Sin embargo, las viejas del pueblo, que son los mejores jueces en la materia, aseguran hasta hoy que Íchabod fué arrebatado por medios sobrenaturales; y ésta es una de las historias favoritas del vecindario que se relata a menudo al lado del fuego en el invierno. El puente llegó a ser más que nunca el objeto de supersticioso terror; y puede muy bien haber sido ésta la razón por qué se desvió el camino en los últimos años, llegando a la iglesia por la orilla de la represa del molino. La escuela, abandonada, pronto comenzó a arruinarse, y se decía que estaba habitada por el espectro del infortunado pedagogo; y los mozos de labranza, al volver perezosamente al hogar en alguna tarde serena de verano, imaginan a menudo escuchar su voz a la distancia entonando un melancólico salmo en las apacibles soledades del VALLE ENCANTADO.

POST SCRIPTUM
DE LA PROPIA MANO DE MR. KNÍCKERBOCKER
El cuento que antecede está escrito casi con las mismas palabras que lo oí relatar en una reunión del Ayuntamiento de la antigua ciudad de Manháttoes[21] en que estuvieron presentes muchos de los vecinos más notables e ilustres del lugar. El narrador era un viejecito agradable y cortés, de mísero aspecto con süs vestidos raídos y su rostro tristemente festivo: sujeto que daba a sospechar fuertemente su indigencia por los mismos esfuerzos que hacía para ser entretenido. Cuando terminó su historia, hubo muchas risas y grandes muestras de aprobación, especialmente de parte de dos o tres diputados regidores que habían dormido casi todo el tiempo. Había, sin embargo, entre los oyentes un viejo caballero alto y seco, de cejas prominentes, que paseaba por todas partes su faz grave y casi severa; de vez en cuando cruzaba los brazos inclinando la cabeza y miraba al suelo como abrumado por el peso de alguna duda. Era uno de aquellos hombres circunspectos que sólo se arriesgan a reír en terreno firme, cuando tienen de su lado la razón y la ley.

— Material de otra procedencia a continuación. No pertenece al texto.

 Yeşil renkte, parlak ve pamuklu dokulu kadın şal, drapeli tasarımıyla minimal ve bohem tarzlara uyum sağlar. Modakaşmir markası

Cuando se apaciguó el regocijo de la compañía y se restableció el silencio, apoyó un brazo en el descanso de la silla y colocando el otro en jarras, preguntó con cierto movimiento ligero pero extremadamente hábil de la cabeza y contracción de las cejas, cuál era la moral del cuento y qué era lo que se intentaba probar.

El narrador que llevaba justamente un vaso de vino a sus labios como refresco después de la labor, detúvose por un momento, miró al preguntón con aire de infinita deferencia, y bajando suavemente el vaso hasta la mesa observó que la historia trataba de probar con toda lógica:

“Que no hay situación en la vida que no tenga sus ventajas y placeres a condición de que sepamos coger la ocasión al pelo;

“Que, en consecuencia, el que apuesta carreras con jinetes duendes tendrá verosímilmente una carrera accidentada;

“Ergo, que en cierto modo sirve de escalón para altos merecimientos del estado el que a un maestro de escuela le sea denegada la mano de una heredera holandesa.”

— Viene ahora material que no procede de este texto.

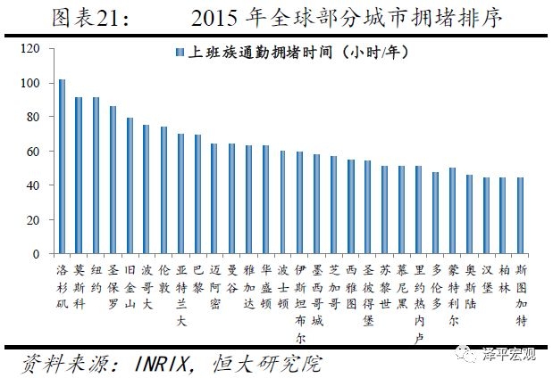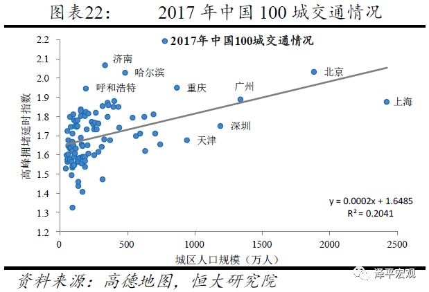 城市交通情况与人口规模确有一定相关性,但可通过城市治理得以改善。根据INRIX发布的2017 Global Traffic Scorecard报告(不含中日韩城市),洛杉矶为全球最堵城市,而非人口规模更大的纽约;莫斯科人口规模虽不及全球前十,但拥堵程度位居第二;哥伦比亚首都波哥大人口不到1000万,但拥堵程度位居全球第六。高德地图发布的《2017年度中国主要城市交通分析报告》显示,100城的高峰拥堵延时指数与城区人口规模的相关系数为0.45,线性回归方程的R方为0.2。具体来看,在拥堵指数上,北京、上海的高峰拥堵延时指数虽然位居前列,但仍有济南、哈尔滨、呼和浩特等城市更为拥堵,深圳市的拥堵排名更是低至37名、武汉、杭州分别位居第47、48名。

El cauto y viejo caballero frunció las cejas en diez dobleces al escuchar estas premisas, dolorosamente impresionado por la fuerza del silogismo; mientras el de los vestidos raídos le miraba triunfalmente de reojo, a mi parecer. Al fin hizo observar que todo aquello estaba muy bien, pero que, sin embargo, él juzgaba la historia un poquillo extravagante; uno o dos puntos quedaban todavía por dilucidar.

—Palabra, señor,—replicó el narrador,—en cuanto a eso, yo no creo ni siquiera la mitad.